I also want to contact my birthdad but I have always felt maybe he is like any guy and just forgot about it all and moved on. So my concern is I dont want to upset him or his family by contacting him.
I was only really concerned with meeting my birthmother. I think it is because I knew that my birth father did not even know about me. (acording to my papers) It was hard to meet both of them. I actually met my birth father first. Well at the same time as cousins, aunts, uncles, and grandparents. My brother, who I talked to first, thought that if I met my birth mom first it would scare me away.
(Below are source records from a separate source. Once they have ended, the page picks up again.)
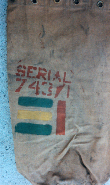 Another example of a unit serial number applied to a soldier’s kit, as a means of identifying his parent unit can be seen in the following image of a kit bag. In this case, the unit serial number ‘743’ of Le Regiment de la Chaudiere as been neatly stenciled onto the bag, with the corresponding three horizontal bars of the coloured bar code system (taken into use in the spring of 1943), applied directly below, thus identifying the kit bag owner as a member of Le Regiment de la Chaudiere. As a point of interest, Private J.C. Cournoyer, whose name and initials appear applied below his regimental number (E9138), near the bottom of the bag, transferred to the Royal 22e Regiment, and while serving in Italy was killed in action in December 1943. Also, the difference in the application of just the unit serial number ‘743,’ on Private Cournoyer’s kitbag, as opposed to the unit mobilization serial number ‘743/1,’ on the kit bag mentioned earlier, is that, Cournoyer’s bears the initial application from the spring of 1943. That of the earlier mentioned kit bag, with the application of the unit mobilization serial number ‘743/1,’ was applied sometime later, perhaps to the kit bag of a new member of the unit, as Le Regiment de la Chaudiere completed their preparations for the allied invasion of Normandy in June 1944.
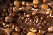Czekolady kawałki i orzechy na ciemnym tle z miejsca kopii. Czekoladowe tło. Stonowanych
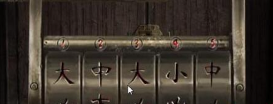 9、接着在妹子下去后男人调节福字机关的字,我们根据柜子上的字输入答案,答案就是死丧生死,男人即可获得凿子。
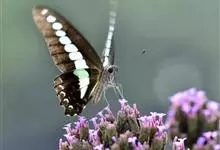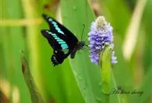 青带凤蝶Graphium sarpedon ,又名青凤蝶,是最普遍的中型凤蝶,飞行速度很快。青带凤蝶的翅膀中央有许多浅蓝色的斑点,很整齐地排列成一条直线。这些斑点由上而下逐渐变大,就像一条青色的带子。全部>>

I think it is all because she is the one who had the choice. She decided that she did not want me. She is the reason that I did not grow up with my siblings and my cousins. She is the reason that I had to first talk to my brother using myspace. (hes in the military) And she is the reason that I went through so much identity crisis growing up. She decided to give me away, and it is hard to think about meeting someone who did not want you in their lives.
I was more focused on my birthmom. I found her and now I am ready to find bdad. I asked bmom for his name and am waiting. I think it's only natural to have the focus be on bmom.
I agree, your sons' bdads need to be in or out. no floating back and forth. that may be worse than zero contact.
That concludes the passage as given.